Content starts

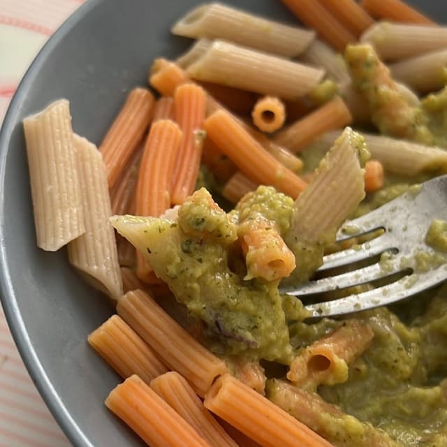 Questa pasta è davvero ottima! L’ho presa sia perché sto cercando di integrare legumi e cereali nella pasta quando la porto al lavoro quindi un giorno vado di piselli, un giorno di lenticchie … oggi questa! A me questa è piaciuta tantissimo perché, sarà che l’ho tolta dall’acqua appena scattati gli 8 minuti scritti sulla confezione, è rimasta bella al dente, quasi che un minuto in più ci stava e a me piace al dente. Altre paste scuociono pure seguendo i tempi di cottura indicati sulla confezione! 🤦🏻♀️ l’ho condita col pesto di cavolo riccio della Polli ed era davvero ottima! Questa si mi sento di consigliarvela.
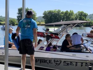 For the ninth year, Scott Hendricks, a renowned country music producer, and his wife Teri hosted “A Day to Remember” for our Nashville home residents at their beautiful property on the Cumberland River. When asked about how he got involved with Mercy Multiplied, Scott responded, “Jason Tucker, a well-known local member of the Nashville Ski Club and illustrious ski coach, educated me on In His Wakes in 2010. Jason has been instrumental in being the liaison between In His Wakes and Mercy Multiplied since the first ‘A Day To Remember’ event. Teri and I felt super blessed to have such a perfect place to host these events and wanted to share that blessing with In His Wakes and Mercy Multiplied.” Teri adds, “We just want the residents to know we support them and believe in them. Their positivity and resiliency inspire us, and we walk away so full of joy. We are thankful for everyone at In His Wakes and Mercy Multiplied and honored to be part of something so meaningful!”
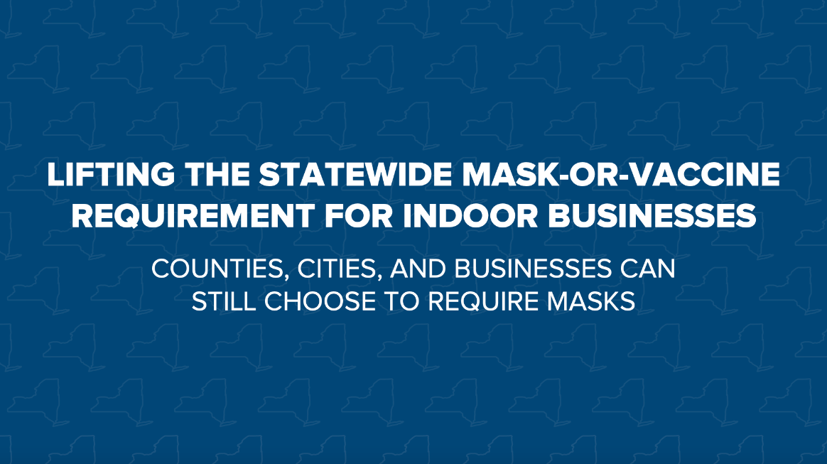 Gov. Kathy Hochul on Wednesday announced her order requiring masks to be worn indoors throughout New York state will end on Thursday. Her "mask mandate" was implemented Dec. 10 in an effort to slow the spread of coronavirus - particularly the delta and omicron variants. Hochul said infection numbers and related hospitalizations are now back to a pre-"winter surge" level, allowing a lessening of the restrictions.
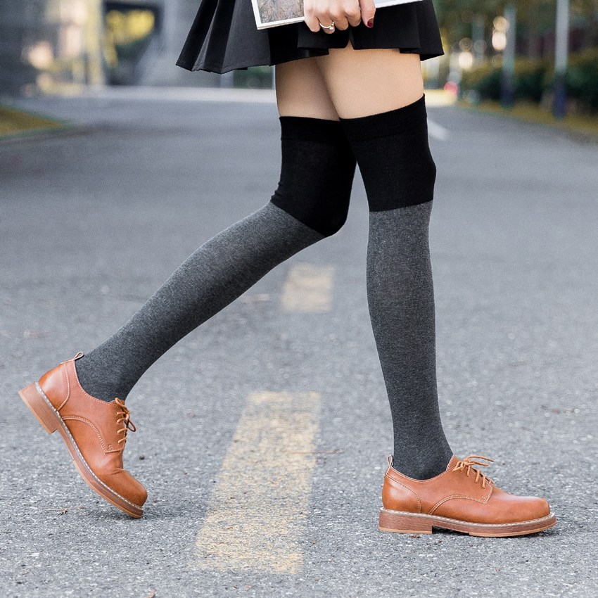 여성용 컬러 매칭 코튼 오버 더-더-무릎 양말 여성 양말 예술적 병입 양말 긴 튜브 코튼 슬림 하이 허벅지 양말 도매스토어 가기
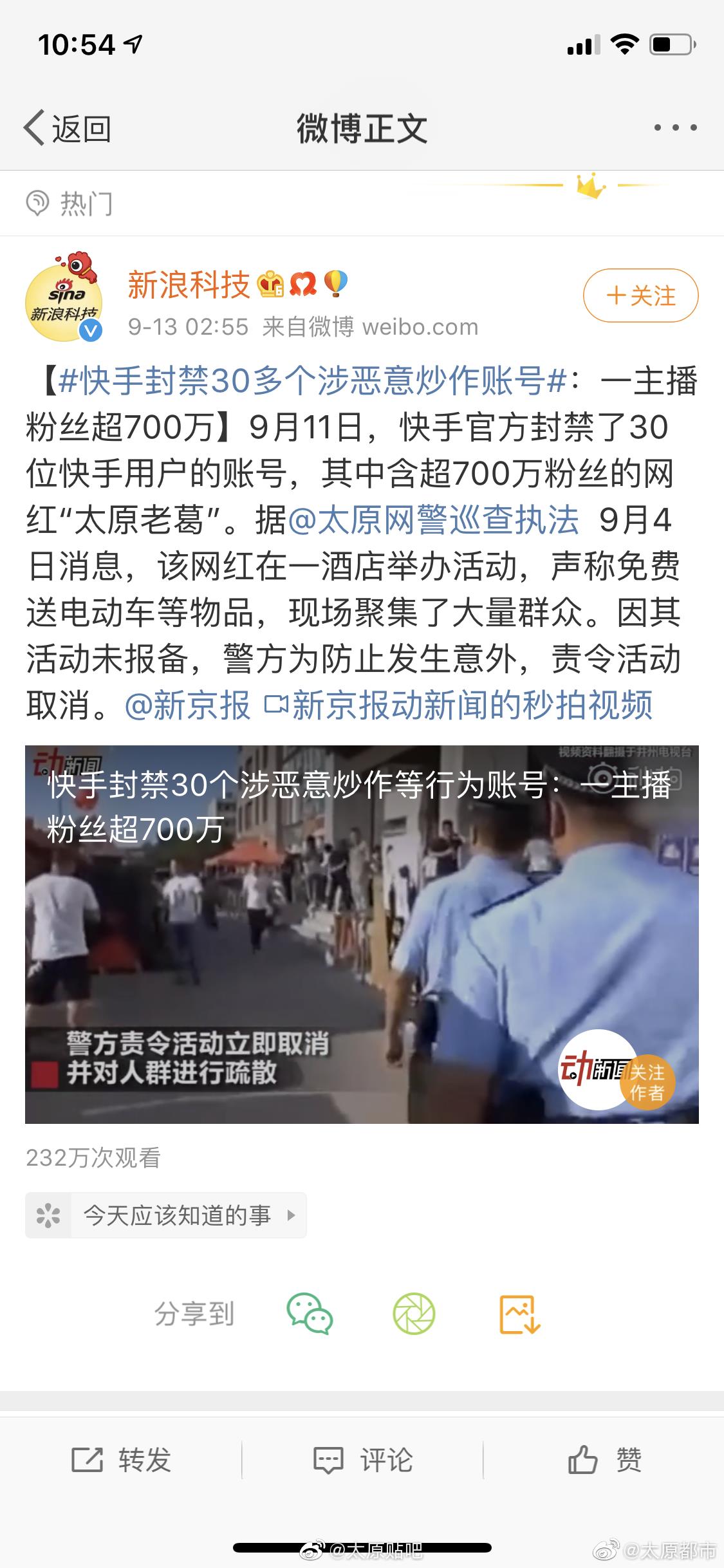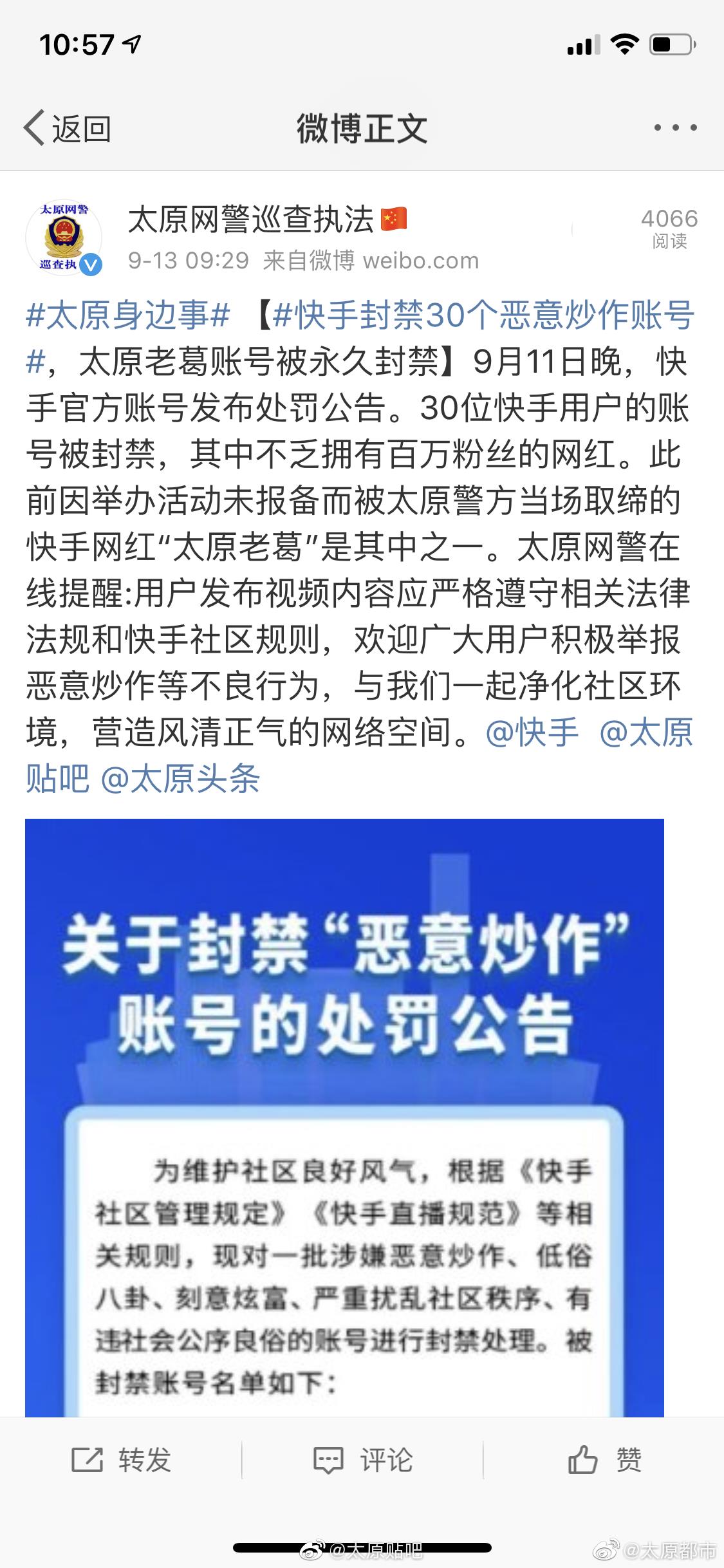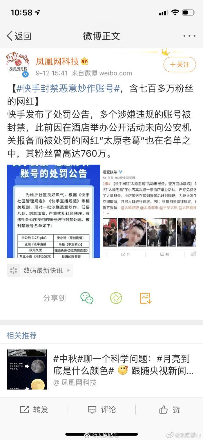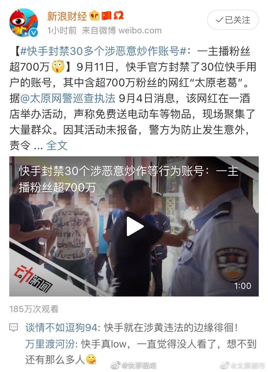 9月11日下午,快手发布官方公告,封禁30个账号,此事于今日登上微博热搜,包括@新浪科技 @新浪财经 以及@澎湃新闻 @凤凰网科技 等多家媒体均报道了此事并重点提及太原老葛,尤其值得注意的是@太原网警巡查执法 先后两次点名“太原老葛”,@山西政法 也发文点名,看来这哥们是彻底凉了。

Content ends

Exercise directions:
Would you please output only the lines from the start of the material above up to and including the line with "For the ninth", exactly as they appear and without pictures?

Answer box:
 Questa pasta è davvero ottima! L’ho presa sia perché sto cercando di integrare legumi e cereali nella pasta quando la porto al lavoro quindi un giorno vado di piselli, un giorno di lenticchie … oggi questa! A me questa è piaciuta tantissimo perché, sarà che l’ho tolta dall’acqua appena scattati gli 8 minuti scritti sulla confezione, è rimasta bella al dente, quasi che un minuto in più ci stava e a me piace al dente. Altre paste scuociono pure seguendo i tempi di cottura indicati sulla confezione! 🤦🏻♀️ l’ho condita col pesto di cavolo riccio della Polli ed era davvero ottima! Questa si mi sento di consigliarvela.
 For the ninth year, Scott Hendricks, a renowned country music producer, and his wife Teri hosted “A Day to Remember” for our Nashville home residents at their beautiful property on the Cumberland River. When asked about how he got involved with Mercy Multiplied, Scott responded, “Jason Tucker, a well-known local member of the Nashville Ski Club and illustrious ski coach, educated me on In His Wakes in 2010. Jason has been instrumental in being the liaison between In His Wakes and Mercy Multiplied since the first ‘A Day To Remember’ event. Teri and I felt super blessed to have such a perfect place to host these events and wanted to share that blessing with In His Wakes and Mercy Multiplied.” Teri adds, “We just want the residents to know we support them and believe in them. Their positivity and resiliency inspire us, and we walk away so full of joy. We are thankful for everyone at In His Wakes and Mercy Multiplied and honored to be part of something so meaningful!”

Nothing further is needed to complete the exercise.